On Tue, Oct 13, 2009 at 04:08:14PM -0700, Joseph Mocker wrote:

> check out the xenstore utilities. It appears that at least some domain 
> IPs are stored in xenstore
> 
> /usr/lib/xen/bin/xenstore-ls | grep 192
>    0 = "192.y.x.229"
>    0 = "192.y.x.176"
> 
> I don't think its recording all the IPs though, we have two interfaces 
> in each domain, xenstore contains only the front end interface.

The "ipagent" service runs in a Solaris domU, and writes the IP address
of the primary interface to xenstore. So that's where it comes from.

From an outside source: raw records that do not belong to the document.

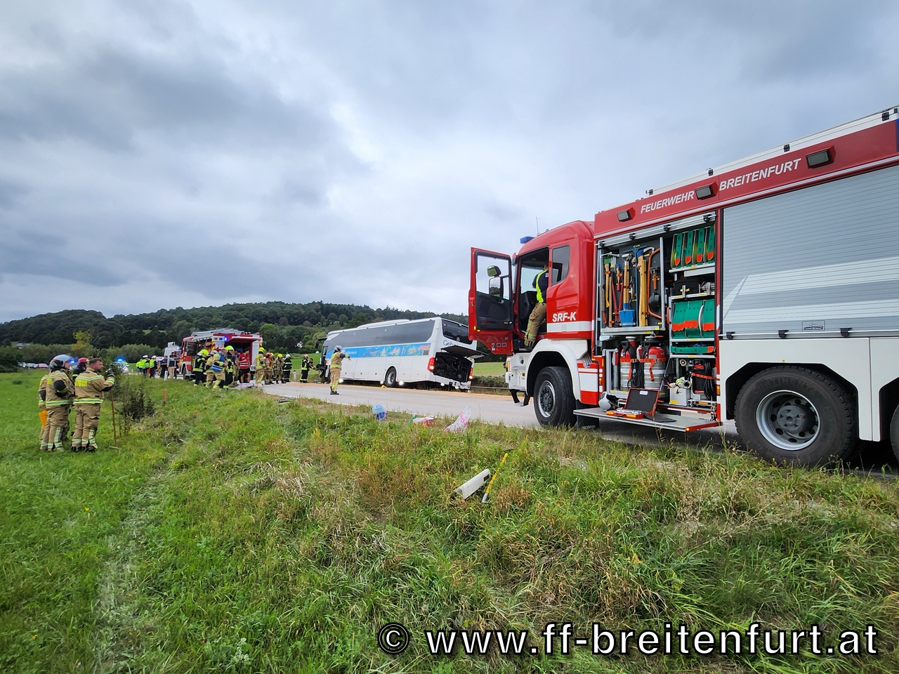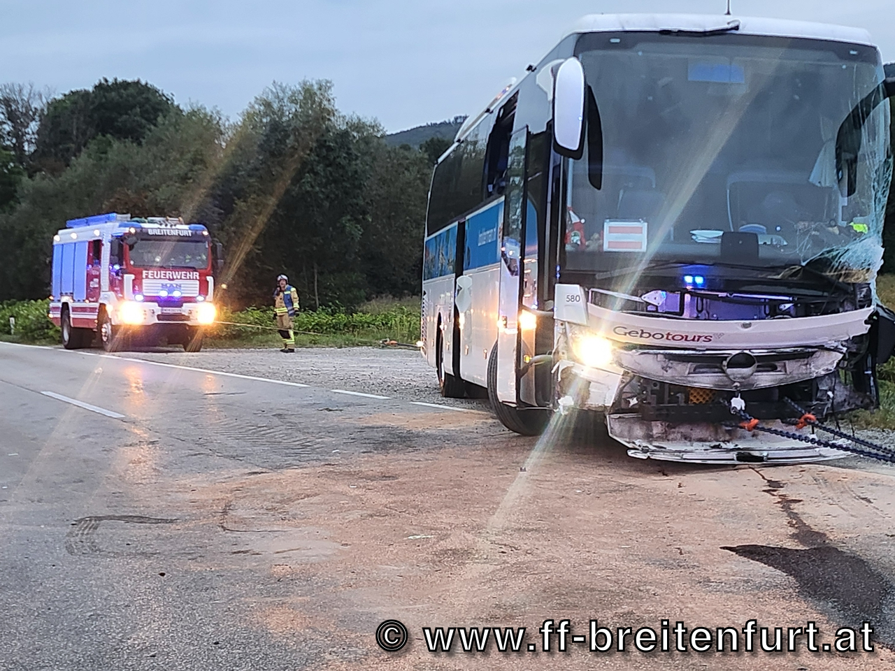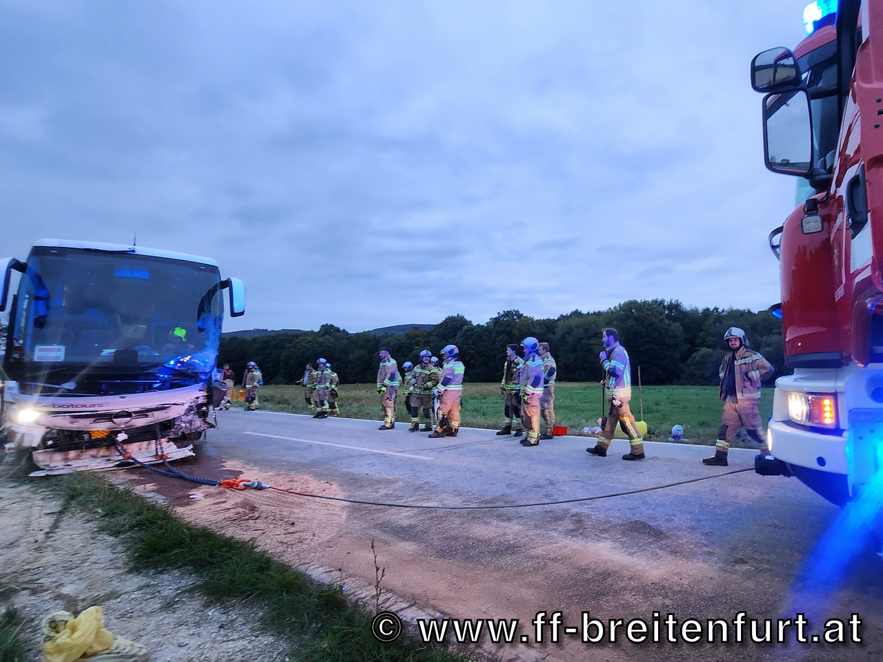 Der Lenker des PKW wurde in seinem Fahrzeug eingeklemmt und erlag noch an der Unfallstelle seinen schweren Verletzungen. Zahlreiche Insassen des Reisebusses wurden verletzt.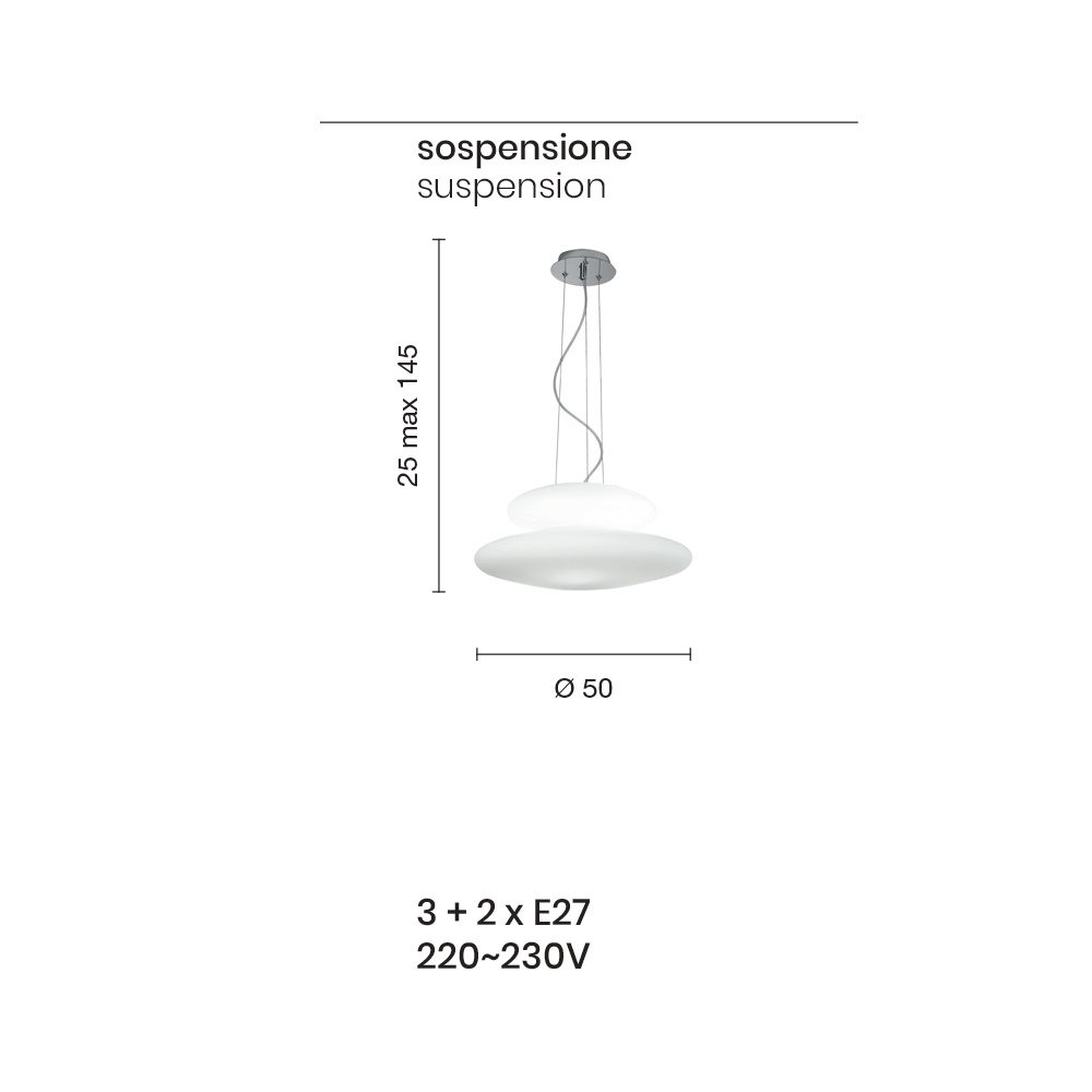 - diametru 50 x H 25 cm - H max 145 cm (3 + 2 x E27 220-230V).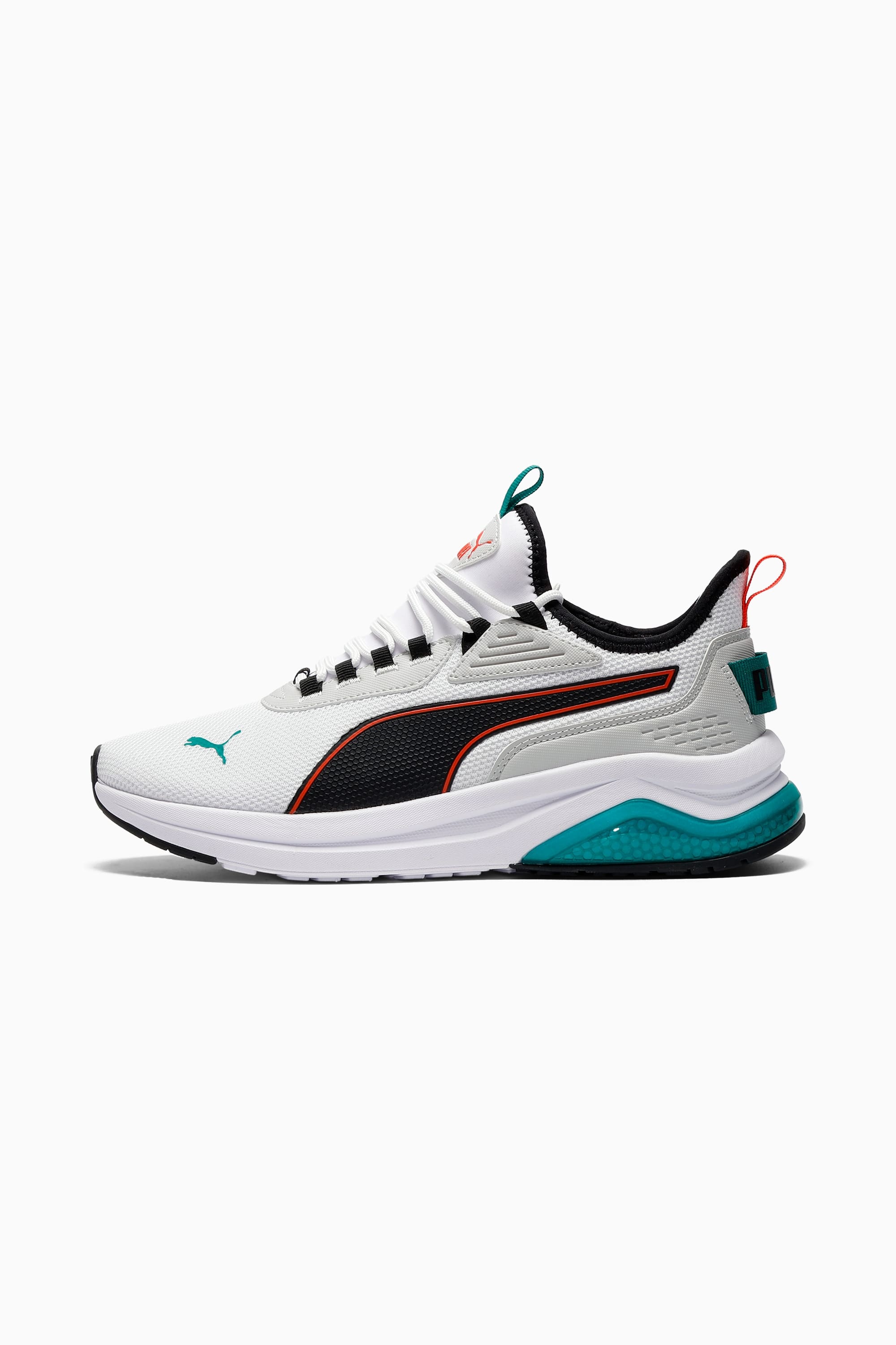 PRODUCT STORY Introducing the Amplifier. In the Amplifier Sneakers, you can enjoy performance-worthy design with every step of day-to-day life. Featuring an athletic-inspired silhouette that now has a faster more modern feel. High-tech additions like the heel bubble in the midsole, bring comfort and next-level cushioning to the table. With a mesh upper, supportive caging, and fluid lines throughout, they'll give you a competitive edge in the style game. FEATURES & BENEFITS - SOFTFOAM+: Step-in comfort sockliner designed to provide soft cushioning thanks to its extra thick heel DETAILS - Style: 396867_41 - Color: PUMA White-PUMA Black-Fierce Red - Knit mesh upper - Visible tech outsole - Rubber sole - Best for: neutral pronation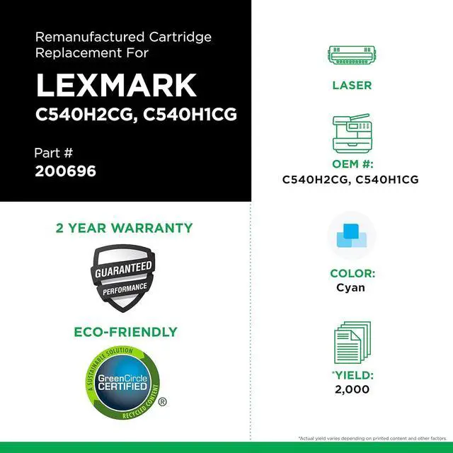 Our premium replacement imaging supplies are designed to be a true quality alternative to the OEM while offering significant savings. Our broad product line offers a superior product selection, exceptional performance, and significant cost savings. Our imaging supplies are 100% guaranteed to perform like the original Lexmark C540N, C543DN, C544DN, C544DW, C546DTN, X543DN, X544DN, X544DTN, X544N, X546DTN, X548DE, X548DTE. It yields 2,000.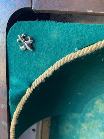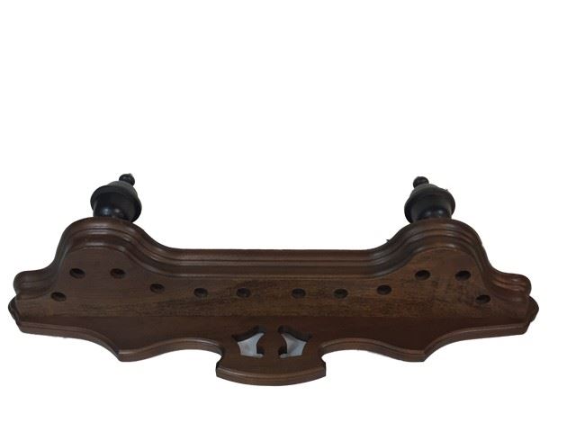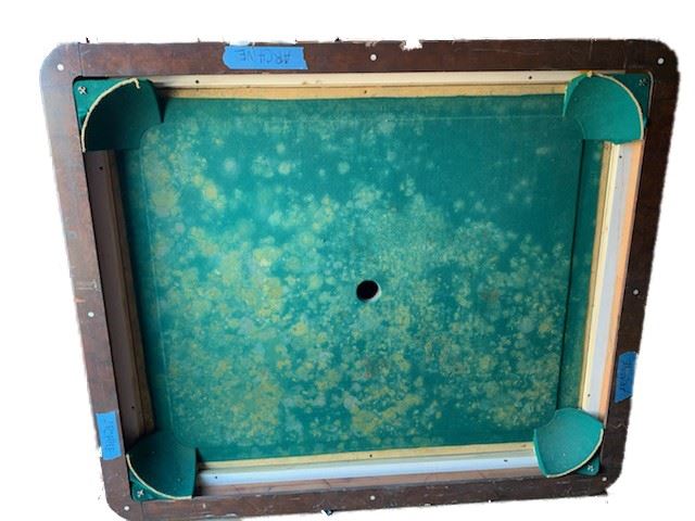 Candie Plantation pool table and shelves 5 piece set- includes pool table top (approx 4'x4'), brown wood hanging wall ball holder (23"x29"), brown wood free standing pool stick holder (one side has been broken off)(43"x32"),and a brown, wood, two-piece wall mounted stick holder (32"x14" each piece). Note table top felt has been water damaged and color has faded.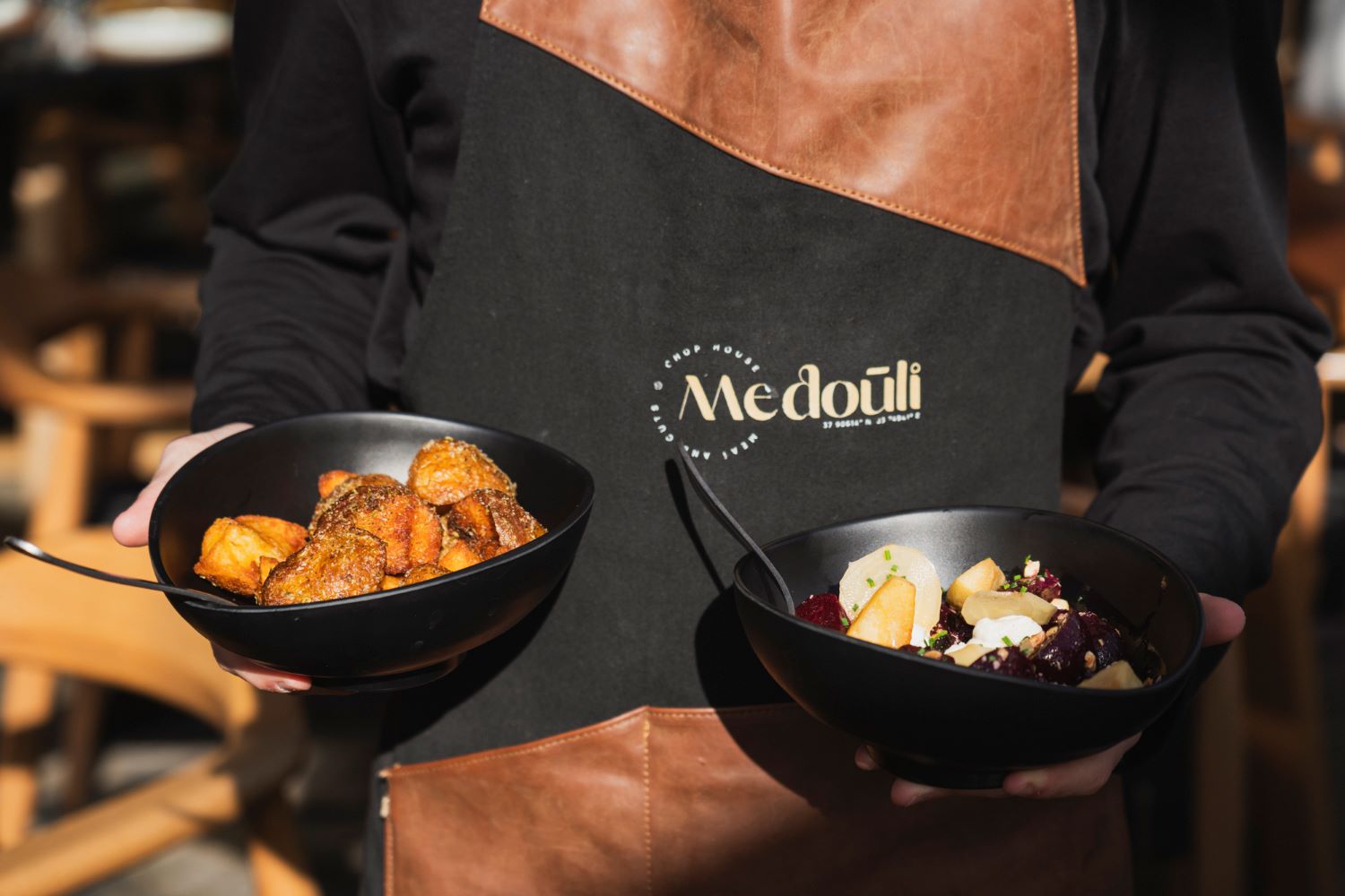 Το όραμα του Γιάννη Μουζακίτη, όταν έφτιαχνε το Medouli, δεν ήταν απλώς να φτιάξει ένα εστιατόριο για κρέας, αλλά να δημιουργήσει γύρω από το καλό κρέας ένα ταξίδι γεύσεων που να το συμπλήρώνει και, τελικά, να το απογειώνει. Ο σεφ, που μεγάλωσε μέσα στην κουλτούρα της εστίασης (ο μπαμπάς του είχε αλυσίδα ψητοπωλείων) και σπούδασε μαγειρική με εξειδίκευση στο κρέας, ονειρεύτηκε παράλληλα να φτιάξει έναν χώρο που να παντρεύει το παραδοσιακό με το σύγχρονο, από όλες τις απόψεις.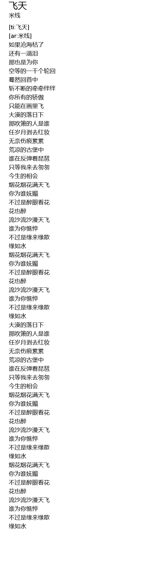 | [02:38.281] | 流沙流沙漫天飞 |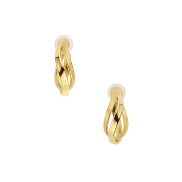 ひとつながりのラインをぐるぐると巻いたような立体感が美しいK10イエローゴールドのフープイヤリング。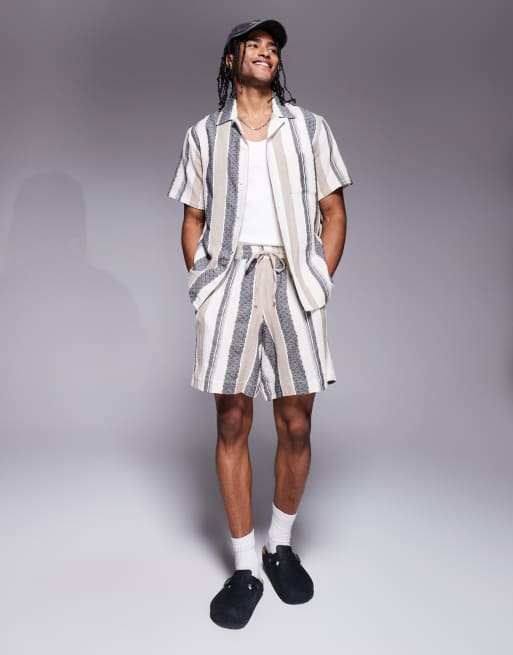 South Beach – Kurzärmliges, strukturiertes Strandhemd mit bunten Streifen
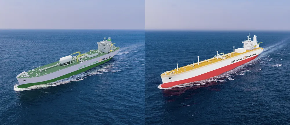 Hanwha Ocean's liquefied hydrogen carrier (left) and ammonia fueled ammonia carrier (right). Image by Hanwha. Key to realizing Hanwha Ocean's next-generation LNG carrier is Hanwha Power Systems' ammonia gas turbine technology. This carrier is designed to be completely carbon free by eliminating the need for pilot fuel, with the project expected to be completed by 2028. To advance this technology, Hanwha Power Systems signed a memorandum of understanding (MOU) with GasLog, a major European LNG carrier company, to explore converting LNG carrier propulsion systems into ammonia gas turbines and discuss demonstration measures for replacing the ships' fossil fuel engines with ecofriendly ammonia gas turbines. Expanding its portfolio of sustainable solutions, Hanwha Power Systems also showcased its ecofriendly ship retrofit business, enabling vessels currently running on fossil fuels to be converted to ammonia-powered systems. Meanwhile, Hanwha Engine, which joined Hanwha Group in March 2024, brings in-house expertise to rapidly develop and deploy ecofriendly engine solutions. The company presented its ecofriendly dual-fuel engine and equipment, which blends zero-carbon ammonia with existing fuels, significantly aiding carbon reduction. Hanwha Engine also offers long-term service agreements (LTSA) for life cycle care services and has introduced a green retrofit business for existing ships.

> using ARP/RARP might be the easiest way, for you to do it in a 
> guest-neutral way.

Yep. In fact I'd be interested in integrating something like that in the
tool stack, so we can report this uniformly.  Some arping versions can
supposedly "ping" a target MAC, but only by breaking the spec, as far as
I can see. And some OS types like Win XP won't respond. I'm far from a
networking guy, but I don't think ARP can help here.

You could broadcast ICMP to each of the VNICs, possibly, but again
there's no guarantee a guest would respond.

Your other alternative would be to learn the MAC from snooping the
guest's VNIC, but that seems fraught with problems.